= Earl Grinols =

American economist

Earl Grinols (born 1951) is an American economist, political scientist, and author, currently serves as Distinguished Professor of Economics at Baylor University.

==Biography==
Grinols was born in Bemidji, Minnesota, and attended the University of Michigan for undergraduate study, and then the University of Minnesota, receiving degrees from the latter in economics and mathematics. He earned his Ph.D. from Massachusetts Institute of Technology in 1977.

Grinols has taught or held positions at Cornell University, the University of Chicago, the University of Washington, MIT, the University of Illinois, and the Department of the Treasury in addition to Baylor University. He was Senior Economist for the President's Council of Economic Advisors in the presidency of Ronald Reagan.

In 1994 testimony to Congress, Grinols was one of the first academicians to recommend the formation of a national commission on gambling.
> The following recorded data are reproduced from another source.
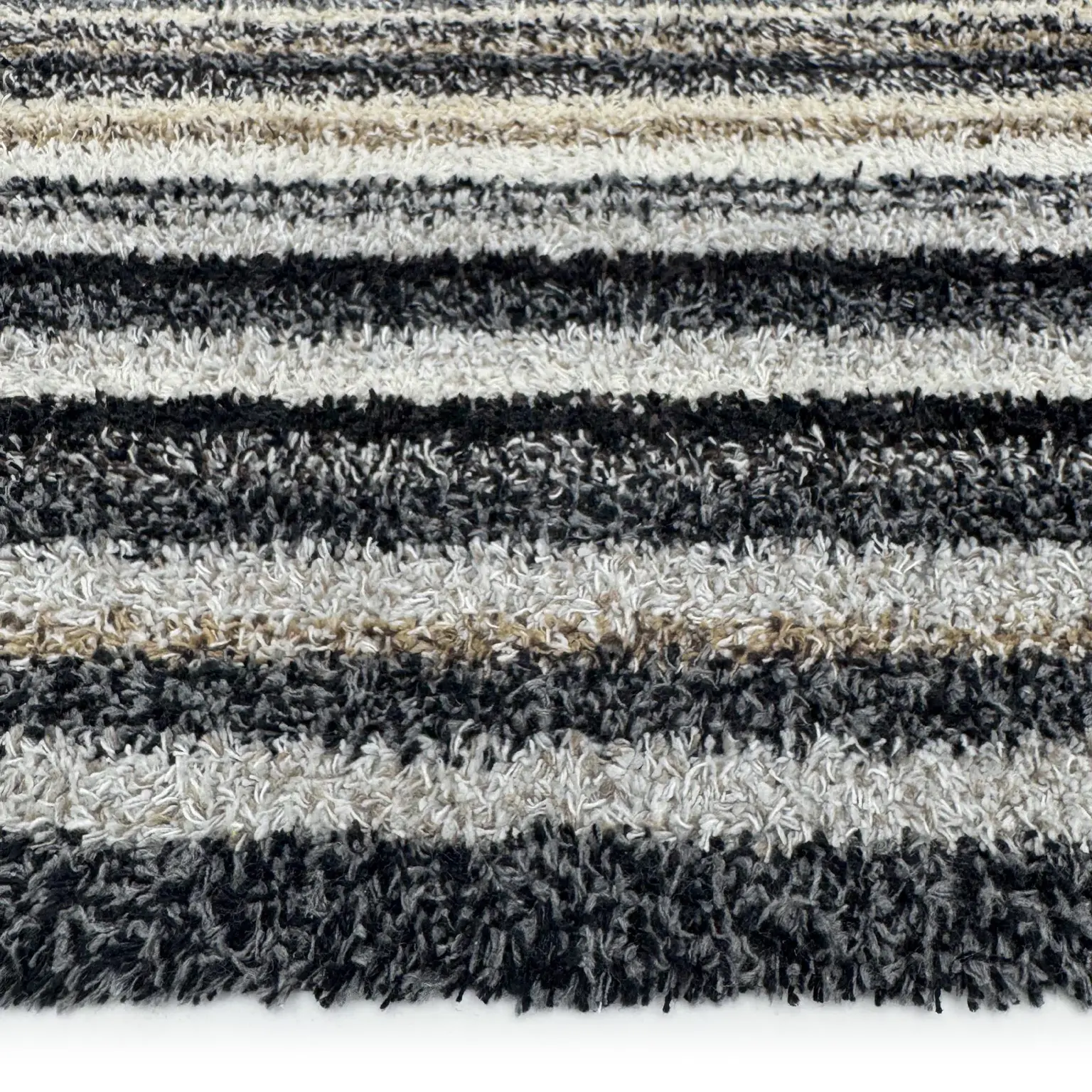 Candy Stripe monochrome features a captivating striped pattern of calming greys and creams. Designed with a low pile height to glide effortlessly under doors while providing a luxurious cushioned feel.
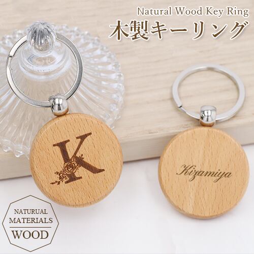 キーホルダー イニシャル 記念品 名入れ プレゼント おしゃれ 刻印無料 送料無料 木製 キーリング ウッド 卒団記念品 卒業 卒部 プチギフト (7c-acx-na-069kr)
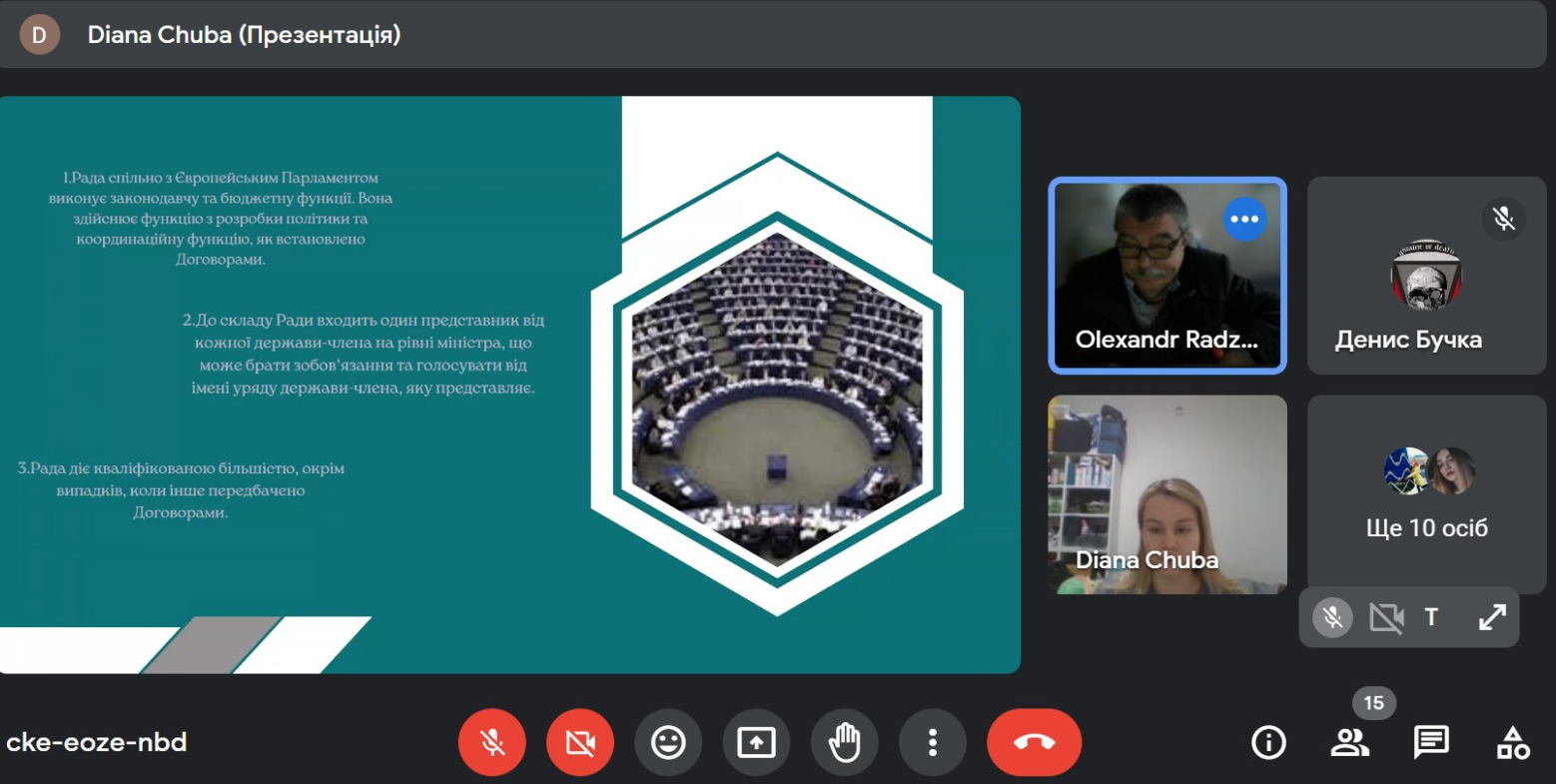 Чуба Діана на тему: «Загальна характеристика Ради ЄС», де зробила стислий огляд розвитку цієї установи в рамках Співтовариств, та дала характеристику особливостей представництва та формування Ради й напрямків її діяльності, інституціалізованих в конфігураціях Ради, відповідно до Лісабонського договору.
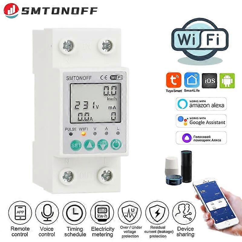 SMTONOFF WiFi Energy Meter Smart Switch Over Under Voltage Protection Residual current protection Remote control by Tuya APP
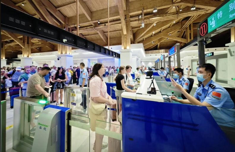 为应对假期出入境客流高峰,美兰、凤凰出入境边防检查站提前发布客流高峰预测,实时监测旅客流量变化,加强现场勤务组织,合理安排执勤警力,提前开足查验通道,增设现场标识指引,确保中国公民和外国旅客高效、顺畅通关。
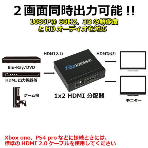 【2個セット】HDMI 分配器 1入力2出力 同時出力 1080P 3D HDMIスプリーター HDTV PS4 スイッチ switch Blu-ray DVD HDカムコーダー HTPC等に対応
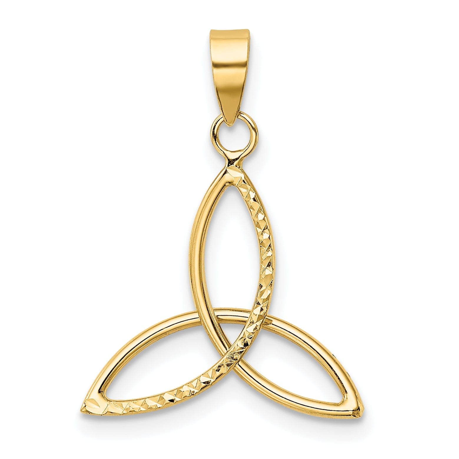 With its solid construction and durable materials, this charm pendant is designed to last for years to come. Treat yourself or a loved one to this beautiful piece and add a touch of sophistication to any outfit. Make a statement with this 14K Yellow Gold Solid Polished Diamond Cut Finish Trinity Design Charm Pendant today.
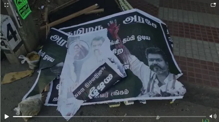 ആൾക്കൂട്ടദുരന്തമുണ്ടാക്കി ഒളിച്ചോടിയ രാഷ്ട്രീയ നേതാവ്: വിജയ്‌ക്കെതിരെയുള്ള പോസ്റ്ററുകൾ വ്യാപകമായി നശിപ്പിച്ചു
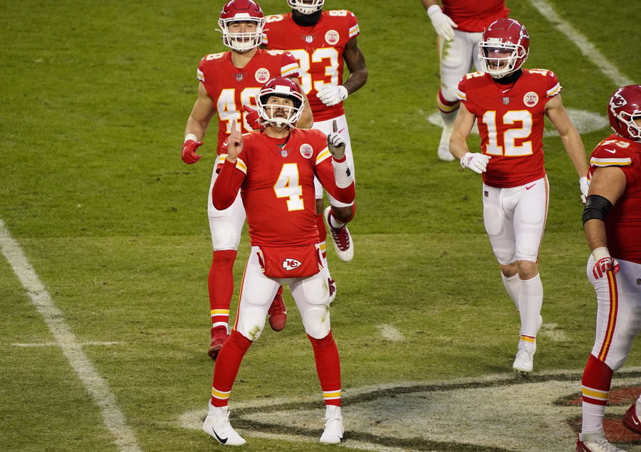 Jan 17, 2021; Kansas City, Missouri, USA; Kansas City Chiefs quarterback Chad Henne (4) celebrates the victory against the Cleveland Browns in the AFC Divisional Round playoff game at Arrowhead Stadium. Mandatory Credit: Jay Biggerstaff-USA TODAY Sports
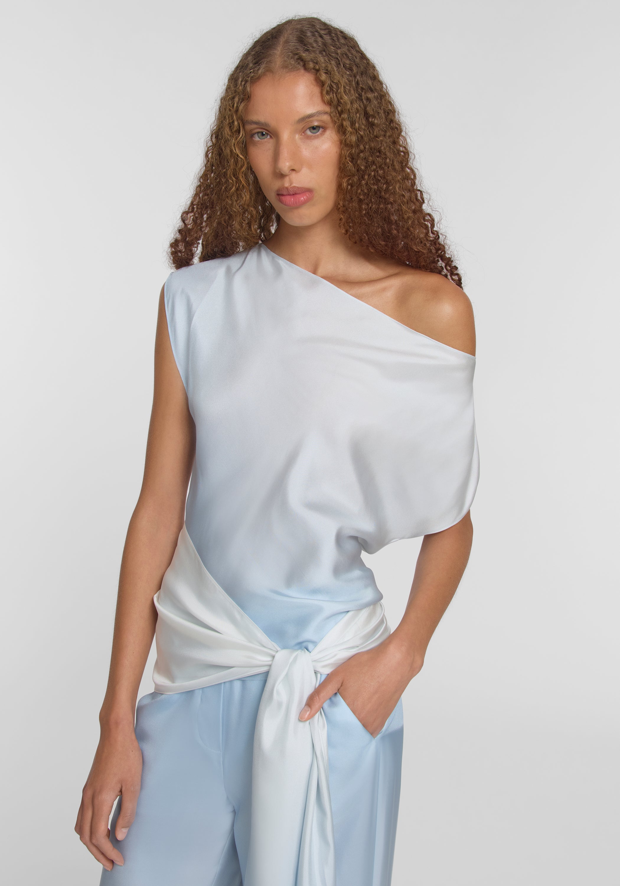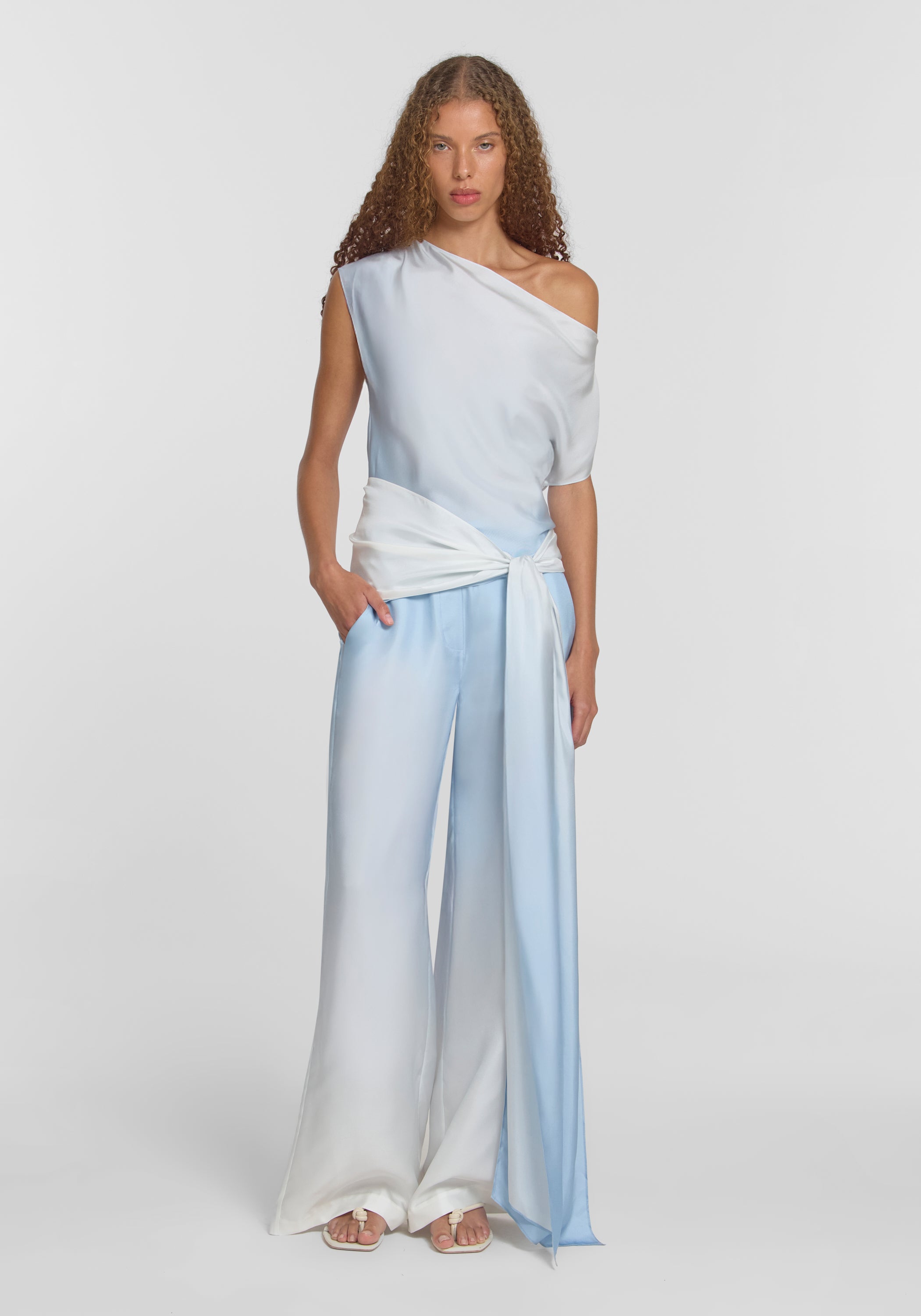 The Rosemary Top is crafted from luxurious, weightless silk and realised in a soft blue ombre print, echoing the waves of the sea. Bias-cut for a natural drape, it falls effortlessly through the body, showcasing a fluid cowl neckline and extended shoulders. Style with the Willow Pant to form a clean, expressive silhouette, an artful, wearable landscape.

The National Gambling Impact Study Commission was formed two years later in 1996, and issued its report, among other recommendations calling for a moratorium on the expansion of gambling in the United States in 1999.

In 2004 Grinols' third book, Gambling in America: Costs and Benefits was published by Cambridge University Press. His work "Casinos, Crime, and Community Costs" studied all 3,165 counties in the United States for a twenty-year period to establish statistical links between casinos and FBI Index I crime.